Segment Start: INFORMATION SUPPLIED
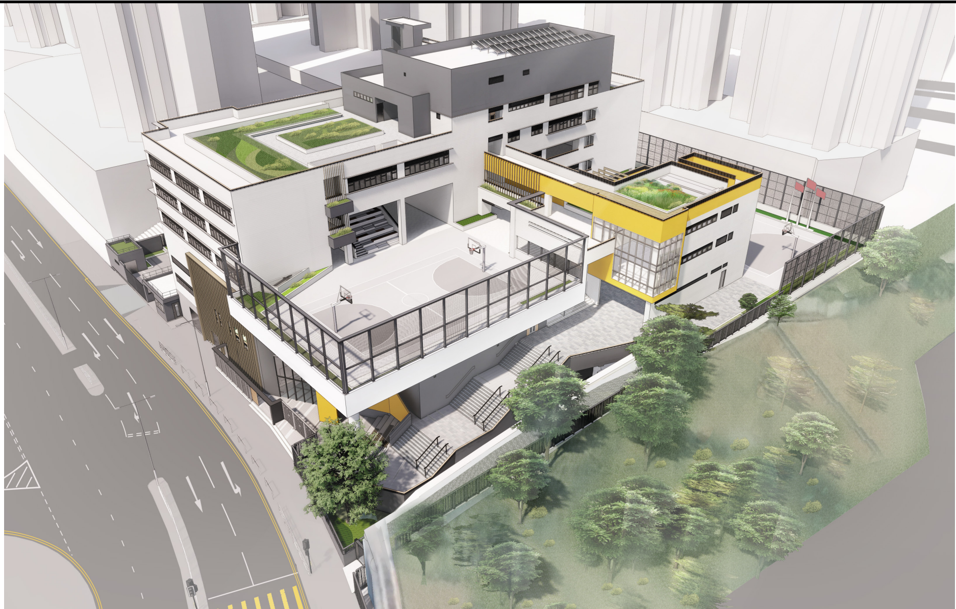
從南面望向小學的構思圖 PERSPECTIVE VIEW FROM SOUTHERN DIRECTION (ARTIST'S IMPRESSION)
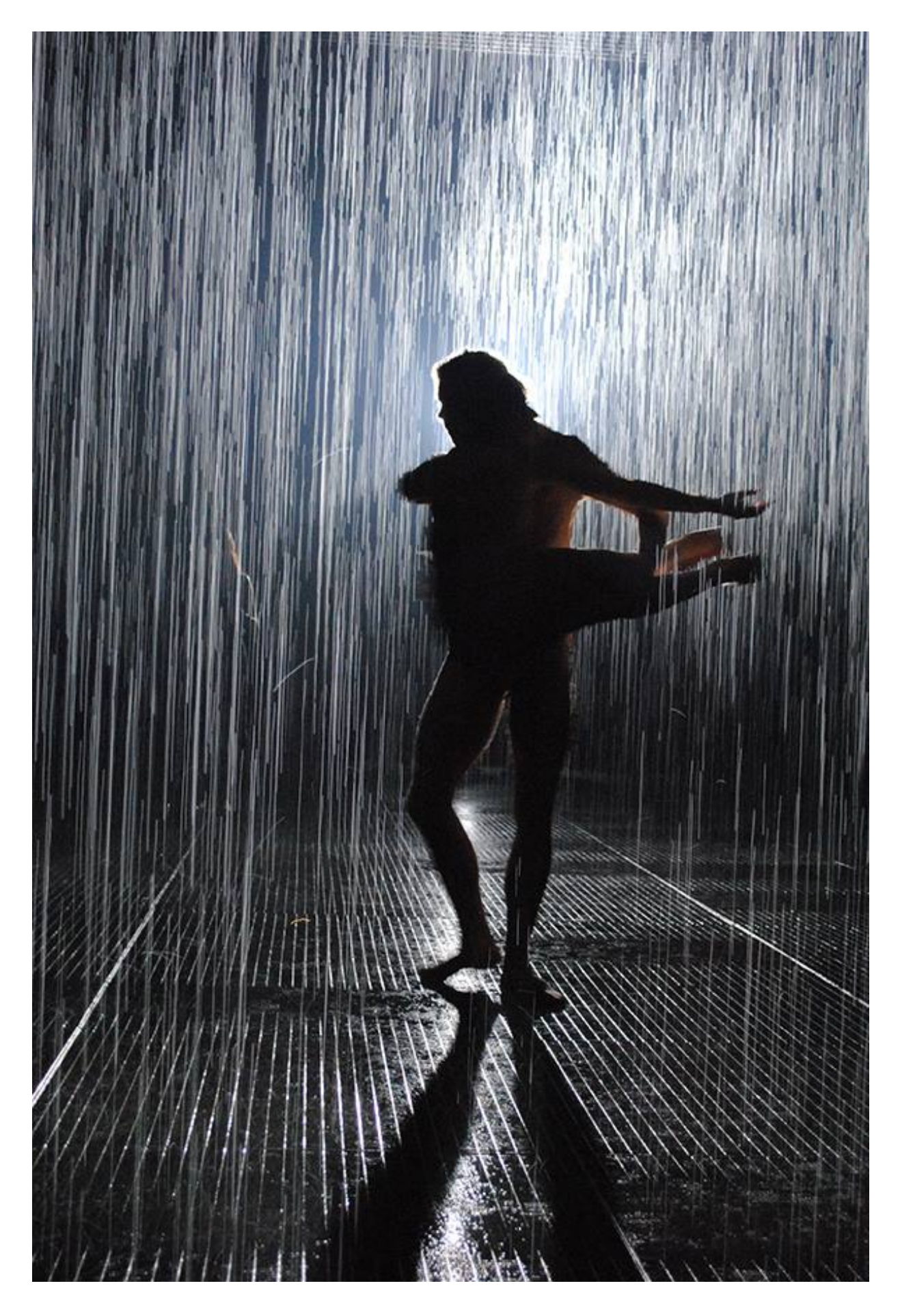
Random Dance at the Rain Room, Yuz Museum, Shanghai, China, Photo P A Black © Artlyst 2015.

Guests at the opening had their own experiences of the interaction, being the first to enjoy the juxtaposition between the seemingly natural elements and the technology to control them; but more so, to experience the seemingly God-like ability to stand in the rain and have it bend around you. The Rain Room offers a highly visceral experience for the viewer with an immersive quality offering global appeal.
Segment End: INFORMATION SUPPLIED
Segment Start: INFORMATION SUPPLIED
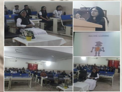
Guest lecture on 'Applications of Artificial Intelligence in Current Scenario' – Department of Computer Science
Segment End: INFORMATION SUPPLIED
▶ _WHAT TO PRODUCE_
Quote the data above exactly from the line with "從南面望向小學的構思圖 PERSPECTIVE VIEW" to the line with "Guests at the", both ends counted, and nothing else. Pictures don't go in.

▶ _SOLUTION TO THIS EXERCISE_
從南面望向小學的構思圖 PERSPECTIVE VIEW FROM SOUTHERN DIRECTION (ARTIST'S IMPRESSION)
Random Dance at the Rain Room, Yuz Museum, Shanghai, China, Photo P A Black © Artlyst 2015.

Guests at the opening had their own experiences of the interaction, being the first to enjoy the juxtaposition between the seemingly natural elements and the technology to control them; but more so, to experience the seemingly God-like ability to stand in the rain and have it bend around you. The Rain Room offers a highly visceral experience for the viewer with an immersive quality offering global appeal.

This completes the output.